Abstract
Objectives. To reveal typical ultrasonographic (US) changes in major salivary glands associated with Sjögren's syndrome (SS) and to determine the diagnostic value of a novel US scoring system.
Methods. In 218 consecutive patients with suspected SS, US of both parotid and submandibular salivary glands was performed besides the regular diagnostic procedure following the American–European Consensus Group criteria of 2002. Five US parameters were assessed: echogenicity, inhomogeneity, number of hypoechogenic areas, the hyperechogenic reflections and clearness of the borders of the salivary gland. The grades of these five parameters for all four salivary glands were summed. The final US score ranged from 0 to 48.
Results. SS was established in 68 patients. The remaining 150 subjects, in whom SS was not confirmed, constituted our control group. All five US parameters were significantly associated with SS. The patients with SS had significantly higher US scores than those not diagnosed with SS (P<0.01). Setting the cut-off US score at 17 resulted in the best ratio of specificity (98.7%) to sensitivity (58.8%).
Conclusions. Well-defined US changes in the major salivary glands summarized in our novel scoring system were typical of SS patients. Advanced structural changes found on US imaging almost invariably represent SS salivary gland involvement.
Primary Sjögren's syndrome (SS) is the second most common chronic systemic autoimmune disease and is characterized by cellular and humoral autoimmune responses directed primarily against the exocrine glands [1]. The key clinical manifestation and the mainstay of the diagnosis of SS is dysfunction of the lachrymal and salivary glands, leading to symptoms and signs of keratoconjunctivitis sicca and xerostomia [2].
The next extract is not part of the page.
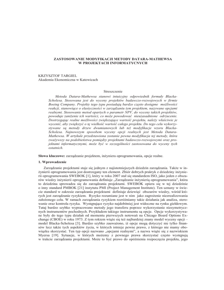 ZASTOSOWANIE MODYFIKACJI METODY DATARA-MATHEWSA W PROJEKTACH INFORMATYCNYCH KRZYSZTOF TARGIEL Akademia Ekonomiczna w Katowicach Streszczenie Metoda Datara-Mathewsa stanowi intuicyjny odpowiednik formuły BlackaScholesa. Stosowana jest do wyceny projektów badawczo-rozwojowych w firmie Boeing Company. Projekty tego typu posiadaj bardzo czsto dostpne moliwoci reakcji, stanowice o elastycznoci w zarzdzaniu tym projektem, nazywane opcjami realnymi. Stosowanie metod opartych o parametr NPV, do wyceny takich projektów, powoduje zanienie ich wartoci, co moe powodowa nieuzasadnione odrzucenie. Dostrzegajc realne moliwoci zwikszajce warto projektu, naley właciwie je wyceni, aby zwikszy o t wielko warto całego projektu. Do tego celu wykorzystywane s metody drzew dwumianowych lub te modyfikacje wzoru BlackaScholesa. Najnowszym sposobem wyceny opcji realnych jest Metoda DataraMathewsa. W artykule przedstawiona zostanie pewna modyfikacja tej metody, która zwaywszy na podobiestwa pomidzy projektami badawczo-rozwojowymi oraz projektami informatycznymi, moe by w szczególnoci zastosowana do wyceny tych ostatnich. Słowa kluczowe: zarzdzanie projektem, inyniera oprogramowania, opcje realne. 1. Wprowadzenie Zarzdzanie projektami staje si jednym z najistotniejszych dziedzin zarzdzania. Take w inynierii oprogramowania jest dostrzegany ten element. Zbiór dobrych praktyk z dziedziny inynierii oprogramowania SWEBOK [1], który w roku 2007 stał si standardem ISO, jako jeden z obszarów wiedzy inynierii oprogramowania definiuje „Zarzdzanie inynieri oprogramowania”, która to dziedzina sprowadza si do zarzdzania projektami. SWEBOK opiera si w tej dziedzinie o inny standard PMBOK [21] instytutu PMI (Project Management Institute). Ten uznany w wiecie standard w zakresie zarzdzania projektami definiuje dziewi obszarów wiedzy, wród których jest zarzdzanie ryzykiem. Ryzyko rozumiane jest w nim jako zagroenie niezrealizowania załoonego celu. W ramach zarzdzania ryzykiem rozróniamy takie działania jak analiza, sterowanie oraz kontrola ryzyka. Wystpujce ryzyko najdobitniej jest widoczne na rynku giełdowym. Tutaj bardzo szybko wypracowano metody jego transferu poprzez wykorzystanie niesymetrycznych instrumentów pochodnych. Przykładem takiego instrumentu s opcje. Opcje wykorzystywane były do tego typu działa od momentu pierwszych notowa na Chicago Board Options Exchange (CBOE) w roku 1973. Z tym rokiem wie si te najbardziej znany model wyceny opcji – model Blacka-Scholesa [3]. Bardzo szybko zauwaono, i opcje mog dotyczy nie tylko finansów lecz take tych aspektów ycia, w których istnieje pewne prawo, z którego nie mamy obowizku skorzysta. Ten typ opcji nazwano „opcjami realnymi”, a nazwa wie si z nazwiskiem Myersa [19]. Sytuacje, w których moemy z pewnego prawa skorzysta czsto wystpuj w trakcie zarzdzania projektami. Moe to by prawo do opónienia rozpoczcia projektu, jego 214 POLSKIE STOWARZYSZENIE ZARZDZANIA WIEDZ Seria: Studia i Materiały, nr 32, 2010 odrzucenia przed zakoczeniem, ale te zakoczenie projektu co staje si moliwoci dalszego jego kontynuowania, co jest nazywane opcj wzrostu. Podejcie oparte o opcje realne moe by wykorzystane w zarzdzaniu ryzykiem, nie tylko do transferu ryzyka jak ma to miejsce w przypadku opcji finansowych, ale take dziki wykorzystaniu metod wyceny, do ilociowej oceny ryzyka. Celem pracy jest przedstawienie moliwoci wykorzystania opcji realnych do wyceny sytuacji pojawiajcych si w zarzdzaniu projektami informatycznymi, co moe by dalej wykorzystane do szacowania ryzyka. Wycena zostanie oparta o modyfikacj metody Datara-Mathewsa. 2. Opcje realne Myers, [20], jako pierwszy zauwaył nieadekwatno oceny projektów przy pomocy zdyskontowanych przepływów kapitałowych. Metody te znane pod nazw DCF (Discounted Cash Flow Analysis) i wykorzystujce biec warto NPV (Net Present Value), nie uwzgldniaj przyszłych zmian, take pozytywnych, w analizowanych przepływach kapitałowych. Dzieje si tak poniewa reprezentuj one podejcie statyczne. Powody te doprowadziły Myersa do zaproponowania dynamicznie dostosowywanej wartoci biecej APV (Adjusted Present Value). Wielko ta uwzgldniała nie tylko przewidywane przepływy kapitałowe, ale take moliwe zmiany wiodce do wzrostu wartoci projektu. S to moliwoci do spoytkowania, które Myers nazwał „opcjami realnymi” [19]. Tworz one w projekcie now warto. W literaturze przedmiotu pojawiaj si cztery koncepcje opcji realnych. O opcjach realnych mona mówi za prac [22] jako o: • Modelu wyceny – sposobie oceny pojawiajcych si moliwoci z wykorzystaniem metod znanych z inynierii finansowej • Procesie podejmowania decyzji – wykorzystaniu podejcia opcyjnego do wyboru decyzji w warunkach niepewnoci • Sposobie mylenia – w zarzdzaniu strategicznym kierujcy si wykorzystaniem pojawiajcych si moliwoci • Modelu organizacyjnym – sposobie kształtowania organizacji w taki sposób by mogła konsumowa pojawiajce si moliwoci. Koncepcje te zostały podzielone na dwie grupy: ROV (Real Option Valuation) która skupia si na samych metodach wyceny moliwoci oraz ROA (Real Option Analysis) do której nale pozostałe. Wycena opcji realnych jest przeprowadzana w oparciu o cztery grupy metod: Metody wykorzystujce model Coxa-Rossa-Rubinsteina oparty na drzewach dwumianowych [23] Metody oparte na modyfikacjach wzoru Blacka-Scholesa [2; 13; 14]. Metoda Datara-Mathewsa (DM) [17] Metoda oparta na rozmytej funkcji wypłaty Collana [8; 9]. Trigeorgis w pracy [23] wyrónia kilka typów opcji realnych. W zarzdzaniu projektami wykorzystywane s: • Opcja rezygnacji (option to abandon) – gdy warunki rynkowe sprawi i projekt staje si nieopłacalny, zarzd moe podj decyzj o rezygnacji z jego kontynuowania. Powysz moliwo mona traktowa jako amerykask opcj sprzeday. Krzysztof Targiel Zastosowanie modyfikacji metody Datara-Mathewsa w projektach informatycznych 215 Opcja zmiany zakresu działania ma dwa podtypy: opcj rozszerzenia (option to expand), gdy warunki ry

In the past three decades many sets of criteria for diagnosing SS have been proposed as a result of incomplete understanding of the aetiopathogenesis of the disease and the absence of a single, more specific test to form the basis of diagnosis [3]. In spite of recently published classification criteria proposed by the American–European Consensus group in 2002 (which also serve as diagnostic criteria) [4], the evaluation of salivary gland involvement in SS is still a matter of debate. In addition to standard tests for assessment of salivary gland involvement, namely the unstimulated salivary flow test, salivary gland scintigraphy and sialography, other methods have been studied (ultrasonography, magnetic resonance imaging, computed tomography) [5, 6]. Among them, ultrasonography (US) of the major salivary glands seems the most attractive as a non-invasive, inexpensive and non-irradiating investigation. However, only a few studies have evaluated the role of salivary gland US in diagnosing SS [7–14]. Comparison between them is rather difficult due to the different diagnostic criteria used. Since the publication of the new criteria set for SS only one study on the diagnostic value of salivary gland US has been reported [5].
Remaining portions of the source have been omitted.